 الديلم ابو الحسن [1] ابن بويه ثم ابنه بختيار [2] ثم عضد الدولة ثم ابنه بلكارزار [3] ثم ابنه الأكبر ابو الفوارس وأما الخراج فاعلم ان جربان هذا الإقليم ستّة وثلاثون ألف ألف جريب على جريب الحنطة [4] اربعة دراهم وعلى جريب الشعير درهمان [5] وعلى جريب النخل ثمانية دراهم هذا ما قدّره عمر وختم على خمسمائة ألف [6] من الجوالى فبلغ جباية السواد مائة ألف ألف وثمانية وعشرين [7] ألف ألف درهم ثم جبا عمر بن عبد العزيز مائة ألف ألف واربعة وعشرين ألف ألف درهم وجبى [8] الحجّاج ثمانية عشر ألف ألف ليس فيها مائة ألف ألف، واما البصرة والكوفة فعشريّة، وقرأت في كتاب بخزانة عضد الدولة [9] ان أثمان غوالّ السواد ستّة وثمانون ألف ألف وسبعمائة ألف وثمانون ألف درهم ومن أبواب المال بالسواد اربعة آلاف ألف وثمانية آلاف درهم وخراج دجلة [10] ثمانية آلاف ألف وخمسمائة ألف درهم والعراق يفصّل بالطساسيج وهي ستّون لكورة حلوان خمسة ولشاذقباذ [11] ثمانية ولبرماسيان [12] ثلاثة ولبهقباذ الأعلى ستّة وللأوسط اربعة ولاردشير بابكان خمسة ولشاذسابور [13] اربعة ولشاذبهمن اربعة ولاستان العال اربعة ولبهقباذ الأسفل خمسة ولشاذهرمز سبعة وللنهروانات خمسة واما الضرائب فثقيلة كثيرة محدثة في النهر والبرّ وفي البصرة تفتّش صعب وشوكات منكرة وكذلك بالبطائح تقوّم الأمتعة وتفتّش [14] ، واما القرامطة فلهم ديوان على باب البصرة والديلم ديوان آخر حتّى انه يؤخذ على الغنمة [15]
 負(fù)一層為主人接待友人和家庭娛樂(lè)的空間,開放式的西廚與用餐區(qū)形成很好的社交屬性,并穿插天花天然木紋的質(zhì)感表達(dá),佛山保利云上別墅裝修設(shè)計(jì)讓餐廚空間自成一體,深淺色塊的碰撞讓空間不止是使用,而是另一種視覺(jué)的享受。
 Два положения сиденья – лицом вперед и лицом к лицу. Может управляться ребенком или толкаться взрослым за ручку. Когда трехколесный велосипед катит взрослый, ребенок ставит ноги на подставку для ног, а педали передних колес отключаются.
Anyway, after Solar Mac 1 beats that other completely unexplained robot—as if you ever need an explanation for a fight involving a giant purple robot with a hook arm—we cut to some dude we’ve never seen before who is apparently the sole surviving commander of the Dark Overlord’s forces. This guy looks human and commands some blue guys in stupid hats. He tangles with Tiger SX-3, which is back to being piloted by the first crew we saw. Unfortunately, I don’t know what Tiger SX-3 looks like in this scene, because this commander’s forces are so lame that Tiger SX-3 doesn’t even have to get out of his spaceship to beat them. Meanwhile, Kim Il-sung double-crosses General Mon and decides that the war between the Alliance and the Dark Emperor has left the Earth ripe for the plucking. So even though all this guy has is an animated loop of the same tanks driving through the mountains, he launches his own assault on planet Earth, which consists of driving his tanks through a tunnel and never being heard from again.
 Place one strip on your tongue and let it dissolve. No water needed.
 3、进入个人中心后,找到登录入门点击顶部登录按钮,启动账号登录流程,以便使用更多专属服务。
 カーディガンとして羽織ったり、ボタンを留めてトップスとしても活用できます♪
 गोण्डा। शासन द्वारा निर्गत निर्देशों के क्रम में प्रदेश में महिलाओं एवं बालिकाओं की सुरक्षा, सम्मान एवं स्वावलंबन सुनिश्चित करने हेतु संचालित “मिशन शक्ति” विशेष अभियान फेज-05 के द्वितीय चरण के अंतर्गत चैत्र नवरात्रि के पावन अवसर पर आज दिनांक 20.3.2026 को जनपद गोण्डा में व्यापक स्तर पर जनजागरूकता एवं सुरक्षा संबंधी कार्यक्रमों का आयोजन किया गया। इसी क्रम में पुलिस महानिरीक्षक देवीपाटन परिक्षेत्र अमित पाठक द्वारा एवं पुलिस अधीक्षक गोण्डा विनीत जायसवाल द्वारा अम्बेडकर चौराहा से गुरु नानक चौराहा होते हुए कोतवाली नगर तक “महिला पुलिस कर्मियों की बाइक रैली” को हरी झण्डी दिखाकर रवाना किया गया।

···

● **Work to complete**: Starting at the line that contains "カーディガンとして羽織ったり、ボタンを留めてトップスとしても活用できます♪", reproduce each line through the end of the records exactly, both ends included.

● **Answer to this problem**:
 カーディガンとして羽織ったり、ボタンを留めてトップスとしても活用できます♪
 गोण्डा। शासन द्वारा निर्गत निर्देशों के क्रम में प्रदेश में महिलाओं एवं बालिकाओं की सुरक्षा, सम्मान एवं स्वावलंबन सुनिश्चित करने हेतु संचालित “मिशन शक्ति” विशेष अभियान फेज-05 के द्वितीय चरण के अंतर्गत चैत्र नवरात्रि के पावन अवसर पर आज दिनांक 20.3.2026 को जनपद गोण्डा में व्यापक स्तर पर जनजागरूकता एवं सुरक्षा संबंधी कार्यक्रमों का आयोजन किया गया। इसी क्रम में पुलिस महानिरीक्षक देवीपाटन परिक्षेत्र अमित पाठक द्वारा एवं पुलिस अधीक्षक गोण्डा विनीत जायसवाल द्वारा अम्बेडकर चौराहा से गुरु नानक चौराहा होते हुए कोतवाली नगर तक “महिला पुलिस कर्मियों की बाइक रैली” को हरी झण्डी दिखाकर रवाना किया गया।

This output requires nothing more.